## Exercise
Give a faithful, exact copy of all entries, minus the images.

== Given records ==

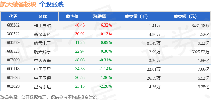 证券之星消息,9月26日航天装备板块较上一交易日下跌1.09%,星网宇达领跌。当日上证指数报收于3828.11,下跌0.65%。深证成指报收于13209.0,下跌1.76%。航天装备板块个股涨跌见下表:
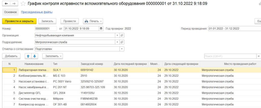 Для регистрации фактов проведения контроля исправности вспомогательного оборудования в системе реализован документ «Акт проведения контроля исправности».
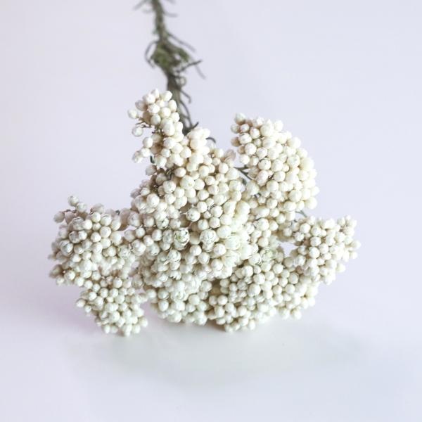 ドライフラワーになってもくすみなく美しい白色のままなのが嬉しいお花です。
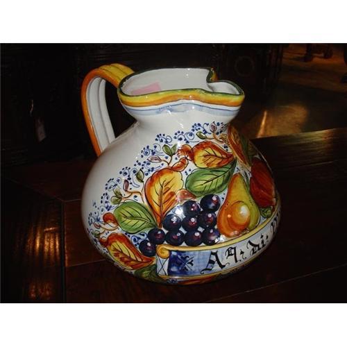 This large colorful Italian pitcher will brighten any spot you place it. With a white background, it pictures grapes, a pear, and leaves on the front. It is hand written "Made in Italy" on the bottom.
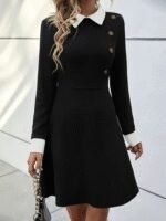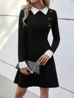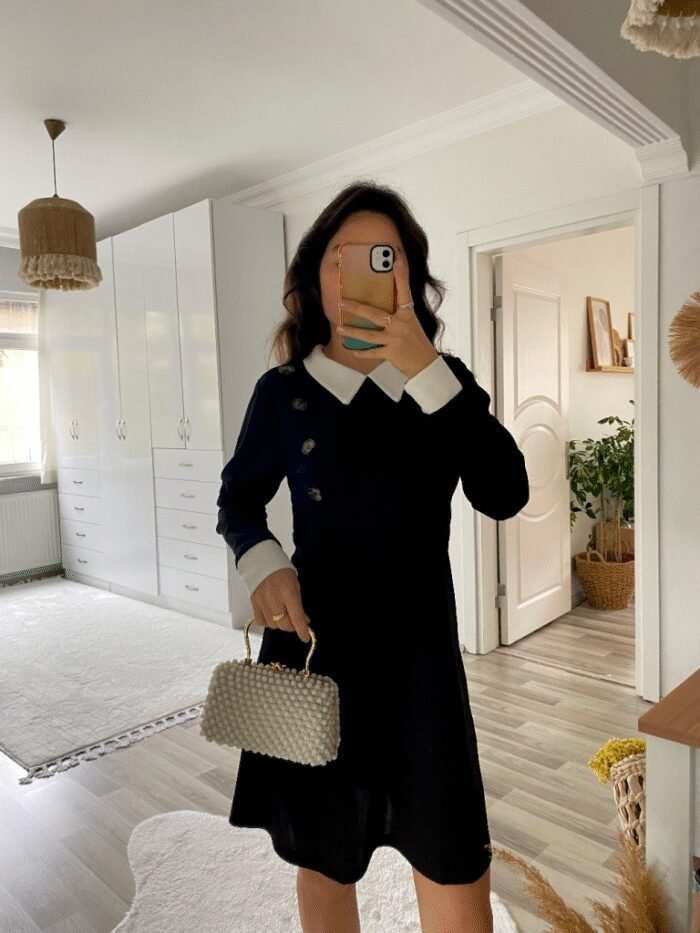 Kadın Uzun Kollu Yakalı A Kesim Kısa Ithal Krep Elbise
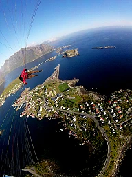 Vue aérienne de la ville de Reine (Lofoten, Norvège). Parapentistes prenant leur envol depuis Reinebringen.
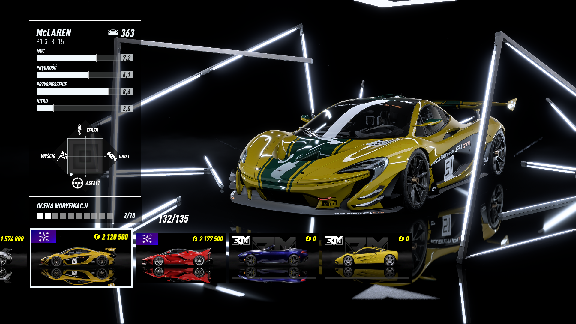 | McLaren P1 GTR | 2015 | Hipersamochód | 363 | 2,120,500 | 986 | 1209 | 2/10 | Osiągnij 40 poziom REP | Podstawowa wersja gry | |
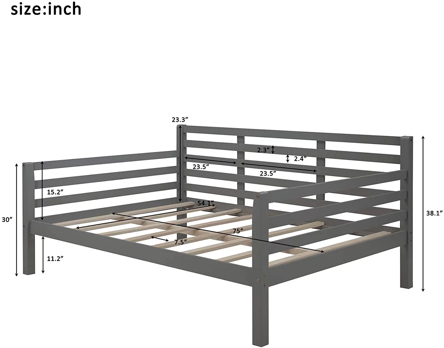 Full Size Daybed With Clean Lines,Wooden Daybed Frame (Full Size,Gray)
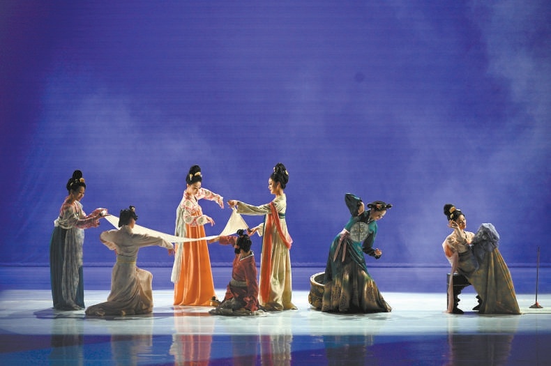 《門》的立意首先值得肯定。這部由西安演藝集團出品、西安歌舞劇院演出的作品以唐朝長安城為背景,以司閽(守門人)為引,從唐代名畫《搗練圖》切入,展開長安城108坊的眾生畫卷。9個篇章中分別融入了永興坊、翊善坊、安德坊等坊名,借老尼與宦人、將軍與丑娘、九寶與乞兒、刀客與狂生的感情線索,縮影了盛世之下的世事浮沉與人生百態。
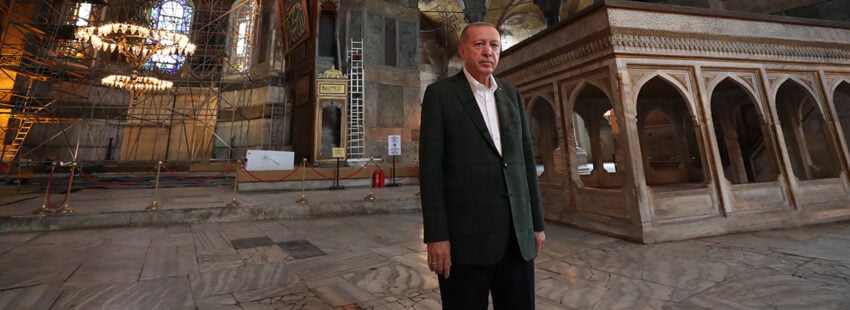 En esos cinco siglos, la que fuera iglesia más grande de todo el mundo (datada del siglo VI, fue durante un milenio el templo cristiano de referencia en todo Oriente), fue una mezquita. Algo que se mantuvo hasta la caída del Imperio Otomano y la implantación de la República Turca, cuando, bajo la presidencia de Kemal Atatürk (1923-1938), quien sentó las bases del triunfo de la Revolución de los Jóvenes Turcos en 1908, se apostó por un modelo político “democrático, moderno y laico”. Fruto de ese proceso de “desislamización”, el gran hito simbólico consistió en la conversión de Santa Sofía en un museo, lo que fructificó en 1934.
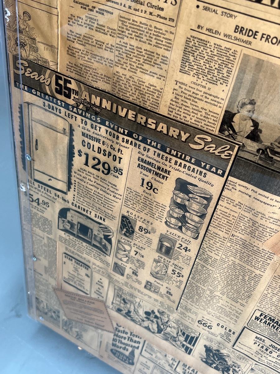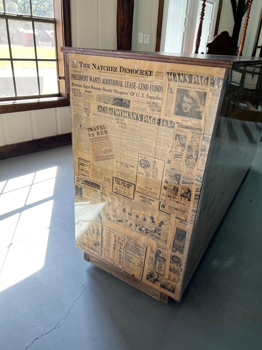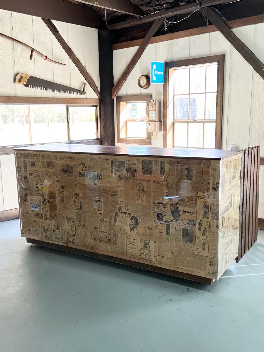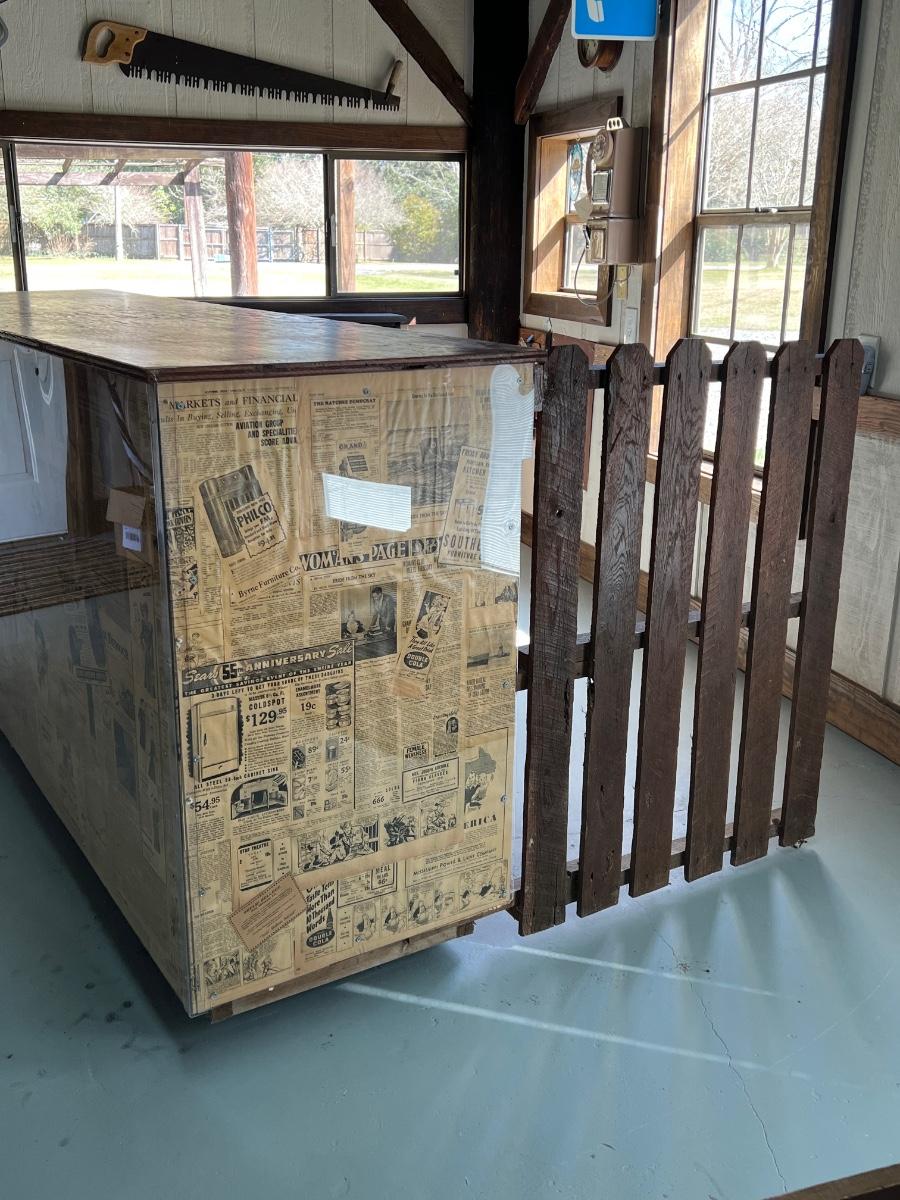 Wood Bar Wrapped In 30’s & 40’s Authentic News Papers

===

## Response
 证券之星消息,9月26日航天装备板块较上一交易日下跌1.09%,星网宇达领跌。当日上证指数报收于3828.11,下跌0.65%。深证成指报收于13209.0,下跌1.76%。航天装备板块个股涨跌见下表:
 Для регистрации фактов проведения контроля исправности вспомогательного оборудования в системе реализован документ «Акт проведения контроля исправности».
 ドライフラワーになってもくすみなく美しい白色のままなのが嬉しいお花です。
 This large colorful Italian pitcher will brighten any spot you place it. With a white background, it pictures grapes, a pear, and leaves on the front. It is hand written "Made in Italy" on the bottom.
 Kadın Uzun Kollu Yakalı A Kesim Kısa Ithal Krep Elbise
 Vue aérienne de la ville de Reine (Lofoten, Norvège). Parapentistes prenant leur envol depuis Reinebringen.
 | McLaren P1 GTR | 2015 | Hipersamochód | 363 | 2,120,500 | 986 | 1209 | 2/10 | Osiągnij 40 poziom REP | Podstawowa wersja gry | |
 Full Size Daybed With Clean Lines,Wooden Daybed Frame (Full Size,Gray)
 《門》的立意首先值得肯定。這部由西安演藝集團出品、西安歌舞劇院演出的作品以唐朝長安城為背景,以司閽(守門人)為引,從唐代名畫《搗練圖》切入,展開長安城108坊的眾生畫卷。9個篇章中分別融入了永興坊、翊善坊、安德坊等坊名,借老尼與宦人、將軍與丑娘、九寶與乞兒、刀客與狂生的感情線索,縮影了盛世之下的世事浮沉與人生百態。
 En esos cinco siglos, la que fuera iglesia más grande de todo el mundo (datada del siglo VI, fue durante un milenio el templo cristiano de referencia en todo Oriente), fue una mezquita. Algo que se mantuvo hasta la caída del Imperio Otomano y la implantación de la República Turca, cuando, bajo la presidencia de Kemal Atatürk (1923-1938), quien sentó las bases del triunfo de la Revolución de los Jóvenes Turcos en 1908, se apostó por un modelo político “democrático, moderno y laico”. Fruto de ese proceso de “desislamización”, el gran hito simbólico consistió en la conversión de Santa Sofía en un museo, lo que fructificó en 1934.
 Wood Bar Wrapped In 30’s & 40’s Authentic News Papers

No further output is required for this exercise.